Editorial
After the party
Bhattarai’s new party Naya Shakti Nepal is an intriguing experimentThe splinters of the original Maoist party that waged an insurgency for a decade are now engaged in diverse ways to reinvent themselves. The radical left-wing faction led by Netra Bikram Chand has reverted to the tenets and tactics of the past, including most recently senselessly destroying base stations of the Ncell mobile phone service.
It is its refusal to acknowledge any mistakes in the old Maoist ideology and strategy and its commitment to continue armed struggle that distinguish the Chand group.

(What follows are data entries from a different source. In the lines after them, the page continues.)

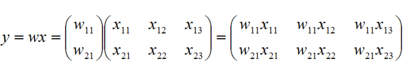 若 w 为 m1 的矩阵,x 为 mn 的矩阵,那么通过点乘结果就会得到一个 m*n 的矩阵。
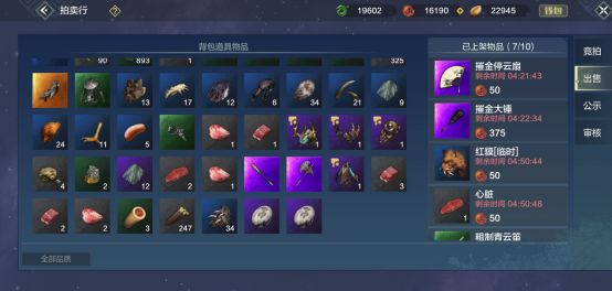 卖家可以将任何可流通的物品挂上拍卖行,但是每位旅者挂物品的上限是10件。
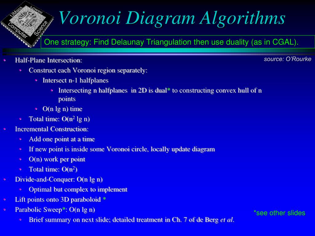 UMass Lowell Computer Science 91.504 Advanced Algorithms Computational Geometry Prof. Karen Daniels Spring, 2010. Voronoi Diagrams & Delaunay Triangulations O’Rourke: Chapter 5 de Berg et al.: Chapters 7, 9 (and a touch of Ch. 8) Thursday , 2/25/10. Voronoi Diagrams. Applications Preview
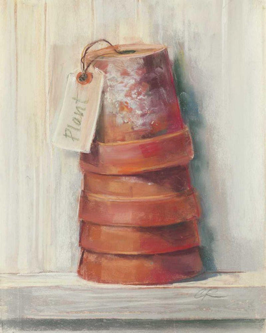 Terracotta Pots White Modern Wood Framed Art Print with Double Matting by Rowan, Carol

On the other hand, one of the Maoist movement’s senior-most leaders Baburam Bhattarai is engaged in a very different kind of experiment. He has completely moved away from the old Maoist ideology and its emphasis on class warfare. Instead, it has been replaced by an overarching emphasis on economic development, which Bhattarai and his colleagues in Naya Shakti Nepal now believe is the remedy to most of our ills.
Since the new party’s inception, Bhattarai has been very keen to gain the support of constituencies that were never attracted to the Maoist cause, the urban middle classes in particular. In recent weeks, the new party has launched a widespread publicity campaign, including YouTube videos, full front-page advertisements in major newspapers, on radio and television networks and even in high-end cinema halls. The use of commercial media and the aesthetic of the advertisements would have been vehemently condemned as a ‘bourgeois’ practice by the Maoists of the past. The advertisements thus offer an indication of the distance that Bhattarai has traveled since the end of the conflict in 2006.
Bhattarai’s attempt to forge a new party, which he hopes will drastically change Nepal’s political culture, is an intriguing experiment. It demonstrates a degree of creativity not readily apparent in the other Maoist factions. Both Chand and Baidya remain beholden to a sterile old ideology. The Maoist Centre led by Pushpa Kamal Dahal has now become entrenched in the established political order. In comparison, Bhattarai’s new party appears as a breath of fresh air.
However, it is also a fact that Naya Shakti is still an experiment in the making and many of its internal tensions remain to be reconciled. In his attempt to reinvent himself, Bhattarai seems to have swerved too far away from the original impulses that drove the Maoist party. His agenda of economic development does not seem to be very different from that held, for instance, by the Nepali Congress, which in the 1990s posited economic growth within a liberal political structure as the major remedy to the country’s ills.
For many of his old supporters, Bhattarai appears to have no answer to crucial questions that he raised as a Maoist ideologue on issues of inequality and social marginalisation. If Bhattarai’s new force is to gain credibility beyond a group of urban classes, he will need to find ways to respond to the demands of these groups and address questions of deeply entrenched inequalities. All this while, he is also trying to court support of the urban middle class where established parties have firm support and patronage networks.